▸ **Task directions**:
Set out exactly, and only, the lines running from the one containing "HDD+2x120mm/2.5 SSD+2x120mm |" to the bottom of the listing below; pictures stay out.

▸ **Record set**:

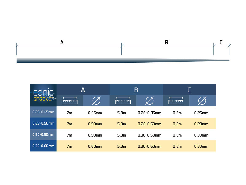 Delphin Stożkowy przypon rzutowy Conic SHOCKER / 6x13m 0,26mm-0,45mm szczegółowy opis
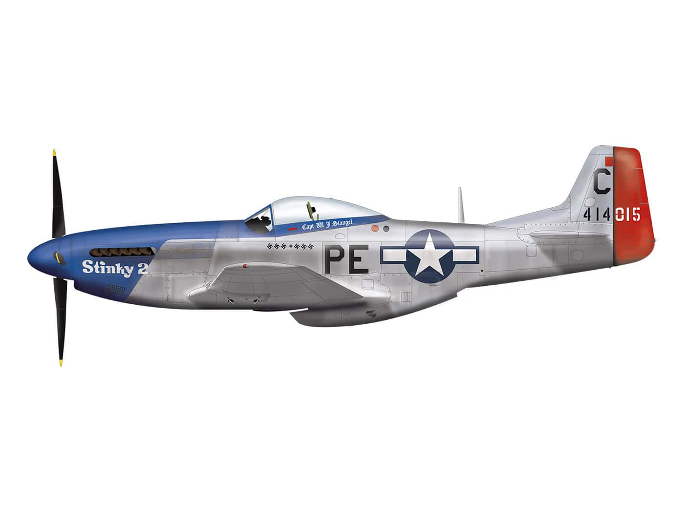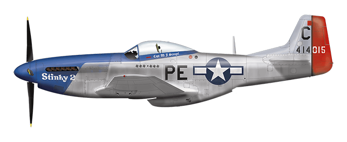 “Stinky 2” is another blue nose P-51D-10NA Mustang with serial number 44-14015 that flew with the 328th Fighter Squadron, 352nd Fighter Group. It had a red painted rudder and carried 6 victory markings. It was flown by Capt. Williamm J. Stangel out of Chièvres Airfield.
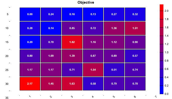 The x axis is the number of WFO cycles, the y axis is the OOS period in percent. The numbers in the fields are the resulting strategy performance, selected by _Criteria. You want as much red in the heatmap as possible. The above example, with the Pessimistic Return Ratio (PRR) as metric, has only 13 red fields out of 25. This job would not pass the CA analysis.
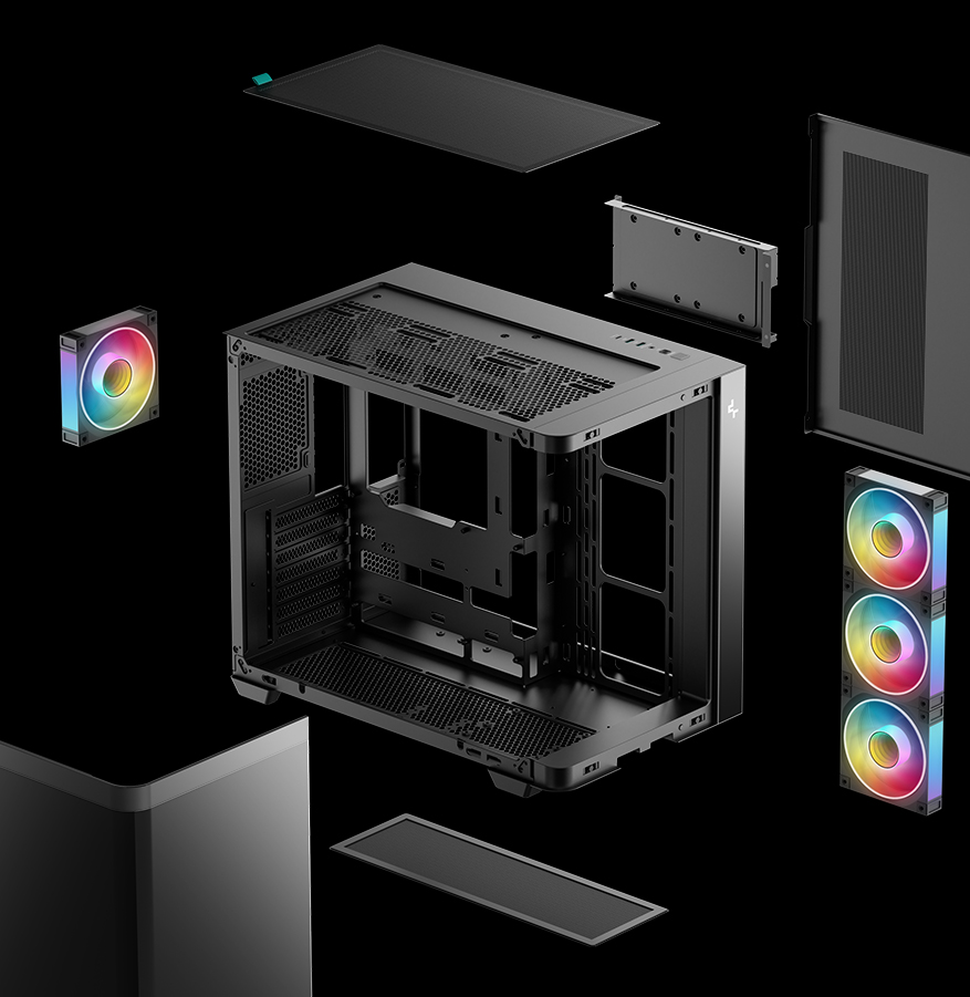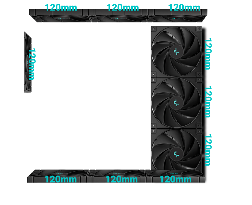 | 风扇支持 | Front: NA Top: 3×120mm/2x140mm Side: 3×120mm/2x140mm Rear: 1×120mm Bottom: 3×120mm/3.5 HDD+2x120mm/2.5 SSD+2x120mm |
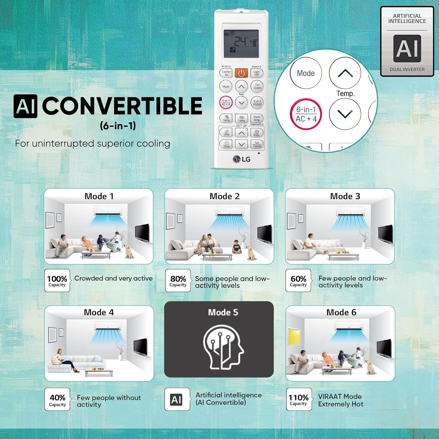 With AI Convertible 6-in-1 cooling, the user gets the flexibility to increase or decrease cooling capacity as per the requirement
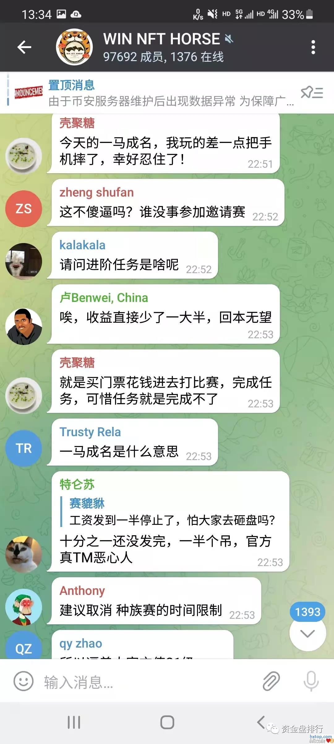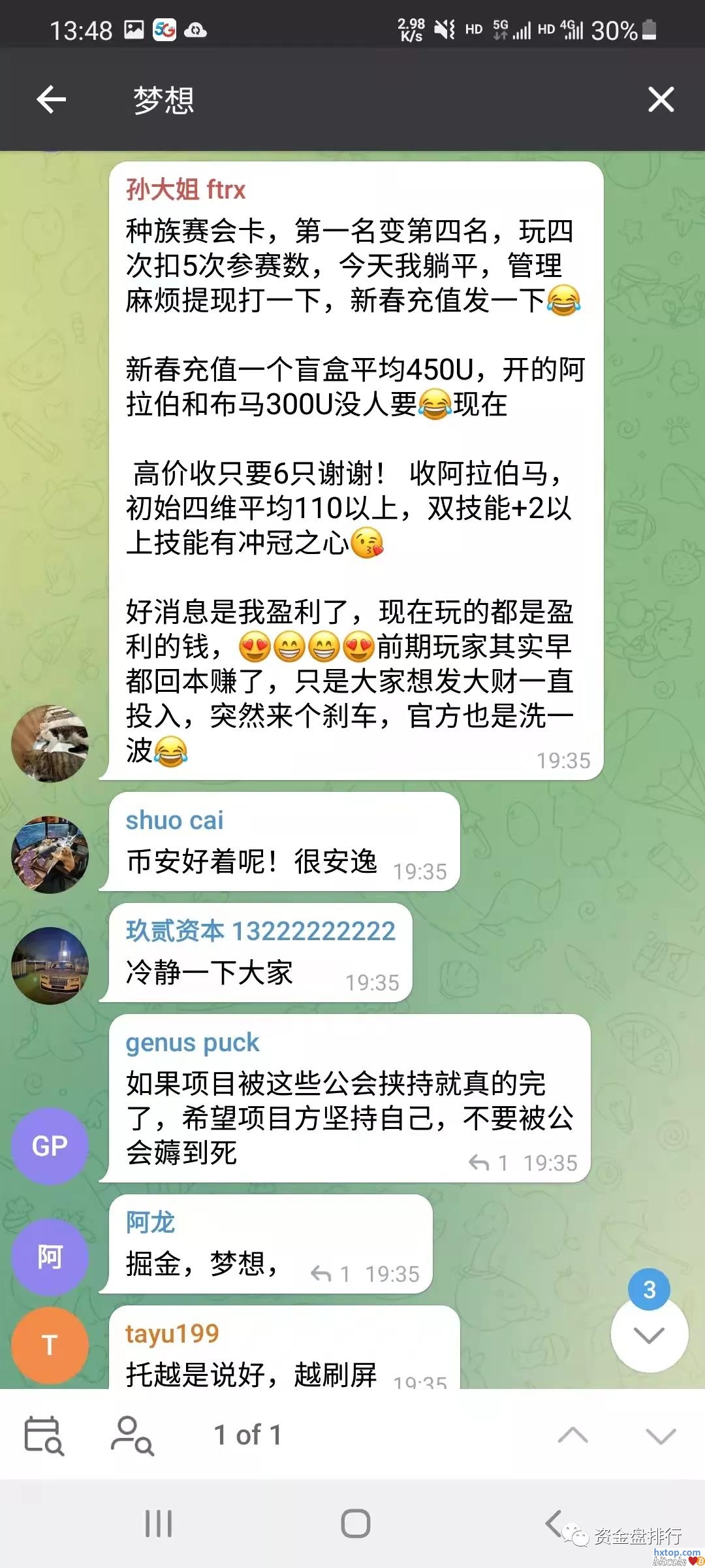 你说公会都跑了,就剩散户你也没法玩。仅仅两天的时间480U的马竟跌到200多U。就这样的跌幅想回本那可是遥遥无期。 孙割的赛马崩了,崩的那么猝不及防。改的规则你完成不了,这不明显的就是不让你玩。赛马修改这个规则,其实用意很明显。赛马到此结束了,只不过用这个规则来给大家过渡一下,直接宣布解散也不行啊。毕竟孙割以后还要割人的。

▸ **Expected answer**:
 | 风扇支持 | Front: NA Top: 3×120mm/2x140mm Side: 3×120mm/2x140mm Rear: 1×120mm Bottom: 3×120mm/3.5 HDD+2x120mm/2.5 SSD+2x120mm |
 With AI Convertible 6-in-1 cooling, the user gets the flexibility to increase or decrease cooling capacity as per the requirement
 你说公会都跑了,就剩散户你也没法玩。仅仅两天的时间480U的马竟跌到200多U。就这样的跌幅想回本那可是遥遥无期。 孙割的赛马崩了,崩的那么猝不及防。改的规则你完成不了,这不明显的就是不让你玩。赛马修改这个规则,其实用意很明显。赛马到此结束了,只不过用这个规则来给大家过渡一下,直接宣布解散也不行啊。毕竟孙割以后还要割人的。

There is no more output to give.